Этот жестокий акт отмщения, как и множество других поступков Суллы, был очень хорошо спланирован. Он предпринял его не только для того, чтобы запугать всех тех самнитов и луканцев, кто ещё намеревался сразиться с ним, но и для того, чтобы устрашить сенат и дать понять даже тем, кто принадлежал к его партии, что он хозяин, а не слуга. Цель была легко достигнута, но добиться её можно было бы и с куда меньшими проявлениями жестокости, так что его порочность проявилась даже в расчёте его действий. Следующей жертвой стал гарнизон Пренесты, который был вынужден сдаться после битвы у Коллинских ворот. Все до единого десять тысяч воинов были убиты. Молодой Марий, понимавший, что его ожидает, сам покончил с собой. Его голову принесли Сулле, и тот, бросив на неё безразличный холодный взгляд, произнёс: «Прежде чем стать рулевым, нужно научиться грести».

Но куда более ужасными, чем эти массовые казни, были убийства, совершаемые изо дня в день в Риме и по всей Италии, потому что они были менее предсказуемы.
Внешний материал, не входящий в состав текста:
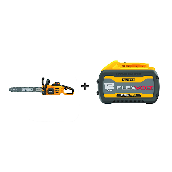 Combo Kits, Cordless Tools Included Chain Saw, Voltage 60 V DC, Power Source Cordless, Number of Tools 1, Battery Capacity 12.0 AH, Includes (1) Bar Sheath, (1) DCB115 Charger, (1) DCB615 DEWALT FLEXVOLT Battery, (1) DCB612 Battery, (1) Rugged Carrying Case, (1) Sharpening File, (1) Tensioning Tool, Tool Brand DEWALT, Battery Included DCB612, Number of Batteries Included 2, Battery Model No. DCB612, Battery Series FLEXVOLT(R), Charger DCB115, Charger Included Yes
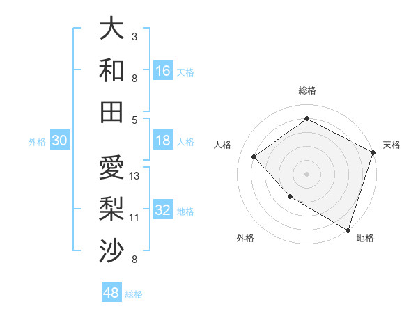 大和田 愛梨沙さんの天格は16画の5点!
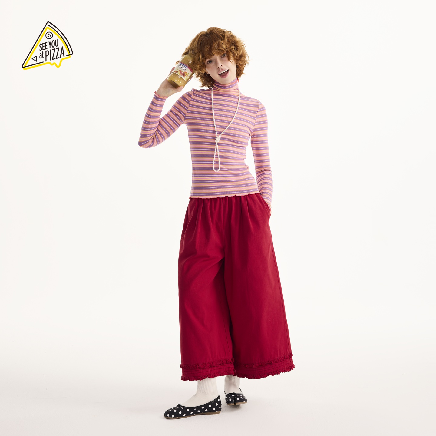 YOU 设计感花边长袖 新款 T恤607178 PIZZA上衣女2025秋季 SEE

Никто, независимо от занимаемого положения, не мог быть спокоен за свою жизнь, если имел какие бы то ни было связи с партией Мария. К тому моменту вполне естественным и оправданным считалось то, что все личные враги Суллы должны быть уничтожены, но когда так много других людей погибало на улицах города без особых на то причин, даже члены партии Суллы начали чувствовать определённую тревогу. Один из них, некий Метелл, попытался спросить Суллу в сенате, может ли он успокоить общественность и хотя бы приблизительно сказать, сколько ещё людей пострадает. Сулла пообещал рассмотреть этот вопрос и на следующий день опубликовал список, или так называемую проскрипцию, включающую восемьдесят имён тех, кто должен был умереть. На следующий день появился новый список, содержащий двести двадцать имён, и достаточно регулярно зачитывались новые. За убийство лиц из списков или информацию о них предлагалась награда. Вся собственность этих людей конфисковывалась, а их сыновья и внуки лишались какого-либо права занимать общественные посты. Многих предали или убили их рабы и даже сыновья, которые таким образом пытались оставить себе часть собственности отцов. Другие решили, что наступило подходящее время, чтобы таким способом расправиться с личными врагами. Например, молодой Катилина, который позже стал занимать довольно значительное положение, сначала убил своего старшего брата, а потом, стараясь избежать наказания и получить награду, использовал своё влияние на Суллу для того, чтобы имя брата было внесено в проскрипционные листы. Говорили, что эти списки, прежде чем они стали появляться, содержали около пяти тысяч имён, но в действительности число жертв намного превосходило эту цифру. Следуя примеру Мария, который, осуществляя свой план возмездия, использовал банду освобождённых рабов, чья жестокость могла сравниться с его собственной, Сулла делал то же самое, но в ещё больших масштабах и более организованно. Из числа рабов, принадлежавших его жертвам, он освободил десять тысяч самых молодых и сильных. Их назвали по имени самого Суллы – Корнелиями. Рядом с хозяином их удерживало чувство личной благодарности и материальная заинтересованность. Многие жестокости совершались их руками.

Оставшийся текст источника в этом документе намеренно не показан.